1 РГАСПИ, ф. 17, оп. 163, д. 583, л. 42.

Развил мысль, перечеркивающую всю деятельность Коминтерна, смысл его существования, применительно к США:

«Американская демократия и советская система могут мирно сосуществовать и соревноваться. Но одна не может развиться в другую. Советская система не перерастет в американскую демократию, и наоборот. Мы можем мирно сосуществовать, если не будем придираться друг к другу по всяким мелочам».

И добавил более важное на тот момент для Советского Союза:

«Как уже объявлено, по новой конституции выборы будут всеобщими, равными, прямыми и тайными. Вас смущает, что на этих выборах будет выступать только одна партия. Вы не видите, какая может быть в этих условиях избирательная борьба. Очевидно, избирательные списки на выборах будет выставлять не только коммунистическая партия, но и всевозможные общественные организации. А таких у нас сотни…

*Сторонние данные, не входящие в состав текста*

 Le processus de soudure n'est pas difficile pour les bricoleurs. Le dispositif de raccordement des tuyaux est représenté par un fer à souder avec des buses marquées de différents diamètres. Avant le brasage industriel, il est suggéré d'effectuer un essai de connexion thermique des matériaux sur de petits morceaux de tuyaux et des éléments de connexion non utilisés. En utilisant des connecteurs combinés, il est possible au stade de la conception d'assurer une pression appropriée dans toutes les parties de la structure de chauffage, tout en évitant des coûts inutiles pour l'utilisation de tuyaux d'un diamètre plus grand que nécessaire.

Я предвижу весьма ожесточенную избирательную борьбу… миллионы избирателей будут подходить к кандидатам, отбрасывая негодных, вычеркивая их из списков, выдвигая лучших и выставляя их кандидатуры… Да, избирательная борьба будет оживленной… Всеобщие, равные, прямые и тайные выборы в СССР будут хлыстом в руках населения против плохо работающих органов власти».

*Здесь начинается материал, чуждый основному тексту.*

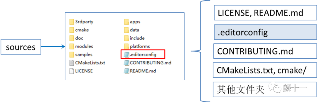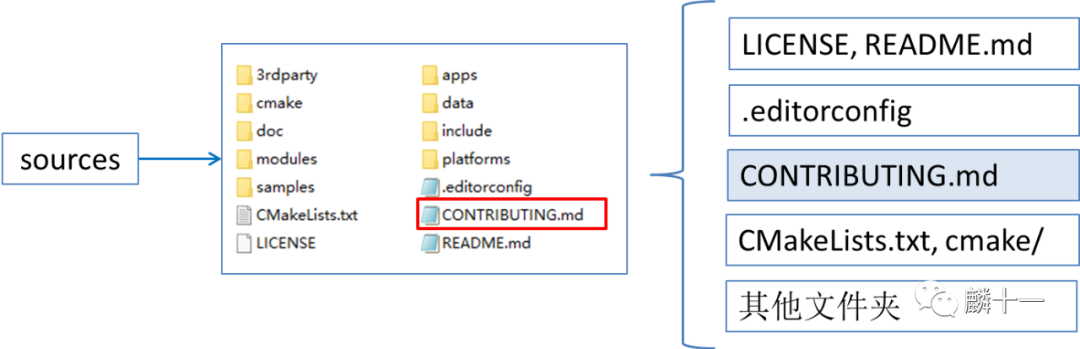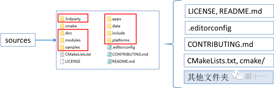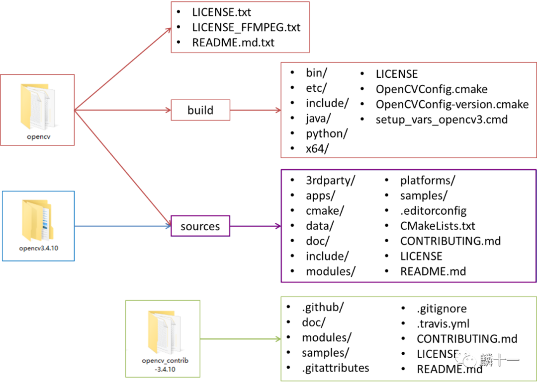 拿OpenCV3.4.10举例,三个文件夹的关系和内容结构如下图所示。绿色的是opencv_contrib文件夹,sources同时存在于Windows安装包和源代码压缩包中

Говоря так, публикуя интервью в советской печати — то есть раскрывая свои карты, Сталин отлично сознавал, что делает. Знал, что встретит сильное сопротивление, хотя и скрытное. Понимал: против его курса на демократизацию выступят радикалы — в армии, НКВД, аппарате Коминтерна. Все те, кто до той поры верно и честно служил делу мировой революции, истинной — старой по форме — советской власти. Боролся с их противниками честно и беззаветно. Генсек предвидел ожесточенную схватку с ними, только еще не представлял — как же добиться победы.

Не знал, но все же сказал о том. В Кремле, на выпуске окончивших военные академии Красной армии:

«Слишком много говорят у нас о заслугах руководителей, о заслугах вождей. Им приписывают все, почти все наши достижения. Это, конечно, неверно и неправильно». И раскрыл тут же сказанное:

«Не у всех наших товарищей хватило нервов, терпенья и выдержки… Были у нас товарищи, которые испугались трудностей и стали звать партию к отступлению. Они говорили: “Что нам ваша индустриализация и коллективизация?.. ” Эти товарищи не всегда ограничивались критикой и пассивным сопротивлением. Они угрожали нам поднятием восстания в партии против Центрального комитета. Более того, они угрожали кое-кому из нас пулями. Видимо, они рассчитывали запугать нас».

И Сталин честно предупредил латентную оппозицию: «Старый лозунг “Техника решает все”… должен быть теперь заменен новым… “Кадры решают все”»713.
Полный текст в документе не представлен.